Yani sen de denizsen be Marmara,
İki boğazın var diye göl demiyorlarsa sana,
Canına okurum ben böyle işin.
Haberin var mı ben altı boğaza birden bakarım,
Benden sorulur Elif'imin,
Benden sorulur dört şeytanımın karın tokluğu.
Senin İstanbul'un okula gider mi, kağıt kalem ister mi?
Çanakkale'nin çocuk felci, yatak yorgan yatması var mıdır?
Adalarından birinin bile ah Marmara kara mıdır bahtı?
Yani sen de denizsen Marmara,
Otur hesapla bak, üç kere daha denizim senden,
Ama bana deniz diyen yok o başka dava.
Sarıyer'in oralara mavi bir nokta koyan yok,
Atlaslara falan da yazılmaz tüh ki adım .
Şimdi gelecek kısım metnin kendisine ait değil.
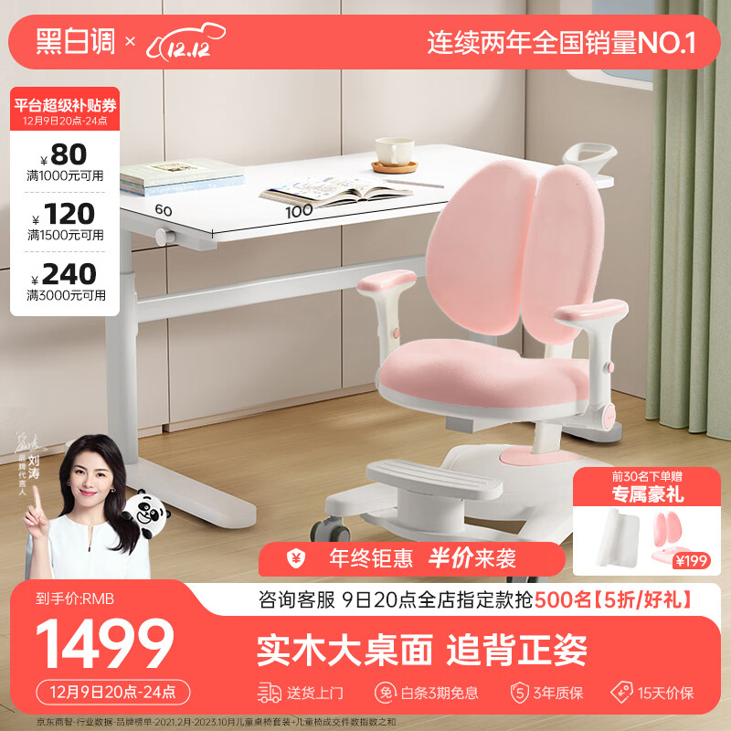 黑白调学习时光A1学习桌【可升降大桌面 进口环保实木】儿童书桌电脑桌 1m白色价格:1699.00元!
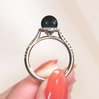 Der oben gezeigte Ring wird Anke genannt. Diese Art von Ring wird als Halo Ring bezeichnet. Der 14 Karat Weißgold Ring ist mit einem 7 mm kugel Schwarz Perle als Mittelstein besetzt, umgeben von kleineren Diamanten. Dieser grazile Weißgold Halo Ring ist mit einem großen Schwarz Perle besetzt, umschlossen von kleineren Edelsteinen. Der Ring erhielt seinen Namen wegen seinem Lichthof, den die kleineren Diamanten helfen zu schaffen. Um einen umwerfenden Lichthof zu erhalten, müssen diese kleineren Edelsteine perfekt ausgerichtet sein, damit das Licht aus jedem Blickwinkel gleichmäßig auf den Schwarz Perle reflektiert wird. Und unsere erfahrenen Goldschmiede erledigen diese Arbeit. Jedes sorgfältig ausgewählte Schwarz Perle wird von Hand und mit höchster Präzision gesetzt. Während der Herstellung wird der Lichteinfall ständig überwacht, um sicherzustellen, dass der grazile Halo-Effekt noch sichtbar ist. Am Ende erhalten Sie einen einzigartigen Ring mit einem strahlenden Schwarze Perle Edelstein-Herzstück. Ein wahrlich exquisiter Ring!Der grazile Anke Ring, wie hier abgebildet, kann ganz nach Ihren Wünschen gestaltet werden. Unser Online-Tool bietet viele verschiedene Möglichkeiten. Bitte kontaktieren Sie uns, wenn Sie Änderungen an Ihrem Anke Ring wünschen, die in unserem Online-Tool nicht verfügbar sind.Durch die Kombination modernster Technik mit uralter Handwerkskunst können wir alle Ringe in unserem eigenen Studio anfertigen. Jedes Schmuckstück wird auf Anfrage gefertigt. Das ist vorteilhaft, weil wir Ihnen dadurch einen Preis anbieten können, den Sie nirgendwo anders finden.Um es einfacher zu machen, bieten wir eine kostenlose 30-tägige Rücksendung.

Ne dersen de dünya tersine dönüyor Marmara,
Seni boğazlar besliyor iki ucundan,
Ben de altı boğazı ay ortası biten maaşla.
Kızıp köpürme ama,
Hiç deniz görmesek yutardık belki Marmara...
Akgün AKOVA
5 yorum:
Eğer "Alakalı çağrışım" kafasına bağlanırsak, bu şirin altına Cemal Süreya'nın "Uçurumda Açan" şiirinden şu dörtlüğü de ekleyebilmemiz mümkün:
"Selam size büyük durumlar, doruk anlar
Dağ görgüsü kazanır Ağrı'yı bir kez görse de kişi
Marmara'dan yirmi yılda çıkaramayacağı gerçeği
Okyanusu beş dakika seyretmekle kavrar"
kaş göz arasında çıldırıyosun.
her şeyi birbirine bağlamaya çalışıyosun.
bu arada ben meks.
sunay akin a donustugunun farkindasindir umarim.
atıf müthiş tespit.ben sakat bu arada.
Atıf bu yorumunu okuduğumdan beri ciddi ciddi kendimi sorguluyorum ben neyim ve nereye gidiyorum diye.